Митрич протянул в мою сторону руку, которая начала телескопически выдвигаться вперед. Возле самого моего лица она клацнула пальцами, очень напомнив мне двойные челюсти Чужого.
— Беспощадное убийство посредством точечного пирсинга носовой перегородки, — прокомментировал Митрич. — Выполняется в три приема. Этап первый…
— Фасфалакат! — произнес я, с любопытством разглядывая вращающиеся у меня перед глазами ногти Весельчака Митрича.
— А! — внезапно каркнул он. — Подонок! — Его телескопическая рука бессильно опала, словно проколотая надувная игрушка. — Сколько можно просить не трепать сильные слова впустую!
— Фасфалакат, — на всякий случай повторил я, отметив, что это слово ему определенно не нравится.
Лопался ли когда-либо у вас в руках воздушный шарик? Вот так же — легко, неожиданно и мерзко — лопнул Митрич, обдав нас зловонным содержимым своего нутра. Микроавтобус тут же потерял управление и пошел юзом. Я успел ощутить, как мой желудок подкатывает к горлу, прежде чем машина в конце параболы смачно впечаталась во что-то твердое. Все произошло настолько быстро, что я даже не успел, испугаться. Раздался мощный удар, посыпалось битое стекло. Нас швырнуло друг на друга, я врубился во что-то лбом и на некоторое время потерял всякую ориентацию.
— Наружу! — взвыла у меня над ухом Саша. — Быстро наружу! Сейчас тут все взорвется к чертовой матери!
Учитывая то, что в грузовом отделении у нас лежал некоторый боезапас на случай непредвиденного нападения конкурентов, это было не лишено разумности. Дверь микроавтобуса переклинило в направляющих, поэтому Янкель с Саша как обладатели наиболее тяжелых в нашей компании ботинок просто вынесли ногами боковые стекла, и мы разом вывалились на грязный асфальт.
Все-таки интересно, как представители разных наций реагируют на резкие раздражители. К примеру, евреи подтягивают колени к подбородку, а локти растопыривают, чтобы защитить почки от пинков. Французы начинают биться в истерике и сучат тонкими ножками. Англичане сидят в полной прострации перед своим разлитым по столу чаем и не знают, что предпринять дальше и куда вообще деть руки. Латиносы вытаскивают наваху и плавно описывают ею восьмерки перед лицом атакующего объекта. Поляки начинают обвинять в происшедшем окружающих и делают это до тех пор, пока их чем-нибудь не заткнешь. Новозеландцы прищуриваются, закладывают руки за спину и отставляют в сторону левую ногу, словно демонстрируя своим видом: «Ну, попробуй возьми!». Японцы глупо хихикают и кланяются, всеми силами пытаясь перевести произошедшее в шутку. И только мы, русския, молча терпим некоторое количество времени, а потом встаем во весь рост и спасаем всех одним хорошим ударом кулака.

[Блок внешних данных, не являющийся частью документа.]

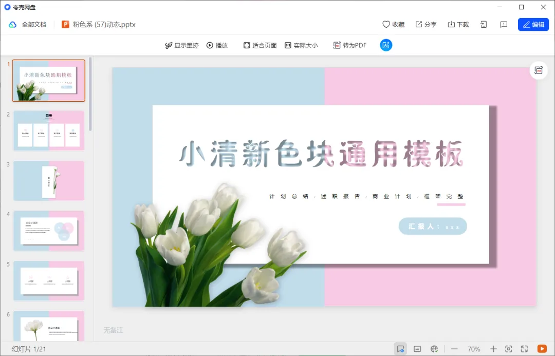 前面给大家分享的都是商务办公、答辩、职业规划等PPT模板,这次的分享就很有意思了,这是一套色系--粉色系,小编觉得这个主题系列还是挺有趣的,这次给大家分享了有9套,可以先收藏一波,需要的时候可以直接下载使用。后面小编会一直给大家分享各类有用的模板和资源,希望大家喜欢!!!!
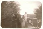 | Fotografía de la familia de la O Salas. El niño Francisco sostiene un rifle mientras que la niña Graciela posa en el auto. |

Именно так, в соответствии с устоявшимися национальными ролевыми схемами, мы и вели себя в тот момент. Саша выволокла ничего не соображающего, окровавленного Плеханду за шиворот и пинками погнала его за угол здания, где можно было укрыться. Янкель пихал впереди себя отчаянно ковыляющую мисс Хоган с разбитой коленкой. Семецкий попытался рисовать пальцами на борту вписавшегося в фонарный столб микроавтобуса, но Бенедиктус, не отрываясь от палма, при помощи подзатыльника направил его в укрытие. Я замыкал отступление, зажимая ладонью горлышко спасенной полбутылки коричневого — все остальные в суматохе побросали свои контейнеры в машине.
Прямо над нами улицу пересекала старая линия электропередачи. Невидимые в темноте высоковольтные провода жужжали и потрескивали, словно неисправная электролампа в кошмарах Дэвида Линча. Мы форсированным маршем миновали несколько кварталов, когда позади наконец глухо бабахнуло — исковерканная искрящая проводка и выходившие из пробитого бака бензиновые пары наконец нашли друг друга. Я с самого начала предложил разделиться и линять поодиночке, чтобы нас тяжелее было накрыть всех разом, а накрыв, тяжелее связать с взрывом в портовых кварталах. Саша в ответ предложила мне отсосать. Я вякнул что-то насчет фликов. Янкель выразился в том смысле, что флики сосут за копейки вприсядку в гамаке на горных лыжах в лесополосе в летний период. Дальше мы рвали когти молча. В общем-то, я могу их понять: народ был категорически напуган происшедшим и жаждал объяснений.
Простейшее объяснение бултыхалось у меня в голове уже несколько минут, словно недопитое коричневое в бутылке, которую я так и не выпустил из рук на протяжении всех произошедших с нами пертурбаций. Однако объяснение это было настолько кошмарным, что я ни на секунду даже не допустил, что его следует принять во внимание. Скорее я склонен был предположить, что Митрич оказался тайным шахидом, у которого что-то не сработало в поясе со взрывчаткой. Тем не менее реальная действительность, на короткое время искаженная коричневым приходом, стремительно возвращалась, потрясая кожаной плеткой — де вяти — хвосткой со свинцовыми грузилами на концах, и игнорировать ее далее было совершенно невозможно.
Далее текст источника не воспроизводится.